Bernard Simon's neat straight question has been on Facebook since the time of quill pens:
What happens if village A says it wants to keep the bars open beyond midnight, but neighbouring village B complains that the late-night drinkers are disturbing the peace (and worse!) on their way home? Who should prevail?
After due obeisance, apologies, hara-kiri – forgive me Bernard that I was asleep on the job – here is your neat straight answer:
Just count the early sleepers in Village B and the late drinkers in Village A. If the differential is < 1:1.5 the protestors win but if it is >1:3 the status quo wins and between 1.5001 and 1.2999 Rule A applies Mondays to Wednesdays in winter time except months with an R while disputes are prohibited on Sunday provided that Village B pays penalties at a ratio of 2:1 when its people sneak to Village A's bar after 22.00 offset by a 31.6% levy on motorbikes over 500cc running at more than 3 000 revs.

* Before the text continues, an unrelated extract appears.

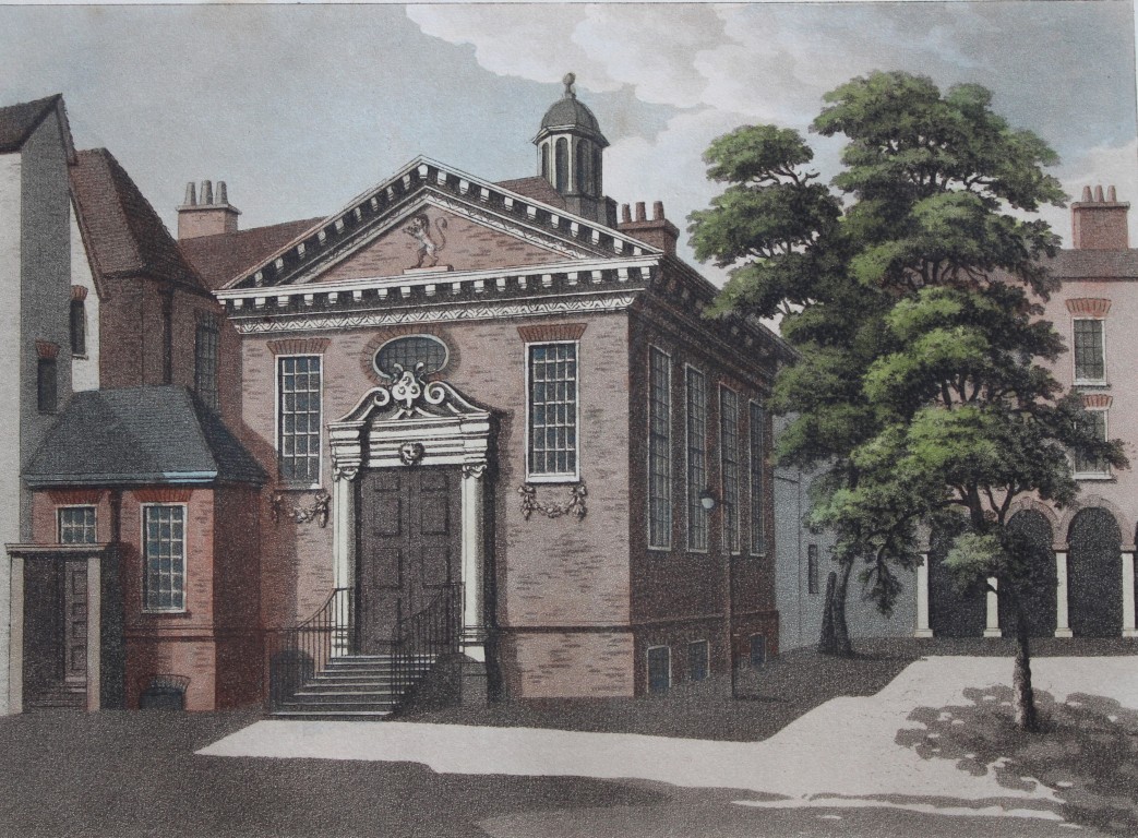 This bistre aquatint etching is from Picturesque Views with an Historical Account of the Inns of Court by Samuel Ireland. Published by R. Faulder and J. Egerton, London 1800.
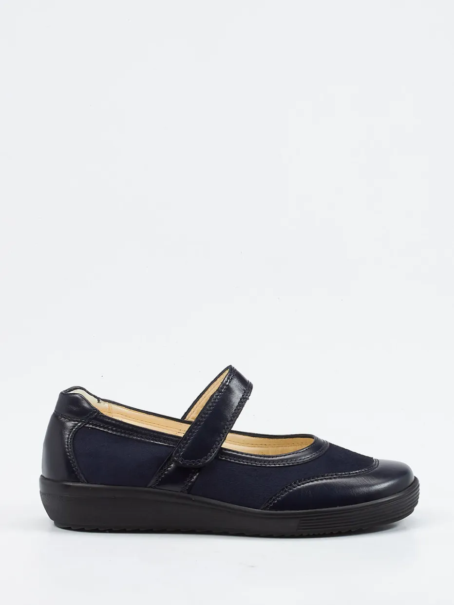 Christian Dietz präsentiert mit diesen Mary Janes ein alltagstaugliches Komfortmodell für Damen. Gefertigt aus Stretchmaterial mit Velourscharakter in Kombination mit dunkelblauem Kalbleder verbindet es höchsten Gehkomfort mit unaufdringlicher Optik.

Um, well, no. Sorry, Bernard, I'm indulging the standard ou who says (after two minutes of D2) "impossible, much too complicated". I know you're not saying that, but a corner of your mind suspects an obstacle-course at hand.
Actually, if you take the "the people rule" literally, and work everything back to that, nothing is complicated. That principle accommodates every conflict of laws and its foundation is always the same thing: this is people ruling, not leaders ruling.
People, or anyway majorities, want peace before they want a Bar Hours War. When leaders have declared a war you get chest-beating and support-our-boys. Asked over loudspeakers, with rhetoric and martial music and hard eyes watching for who is not looking keen, you can get war by acclaim. But if people choose one by one, alone in a polling booth, nobody looking over their shoulder, the option of being pulled away from earnings and spouse's bed and soccer practice and the TV couch to risk having your head blown off will always come second to the option of negotiations.
That's all, Bernard. A ballot produces better decisions than a crowd. A million people picking a Big Man is bottom level ballot. A nuanced ballot – various leaders, easier recall, local clout – is up the scale. D2 is the next step higher; you're never a supplicant seeking permission to pursue your aims, you're your own small pin-point of power.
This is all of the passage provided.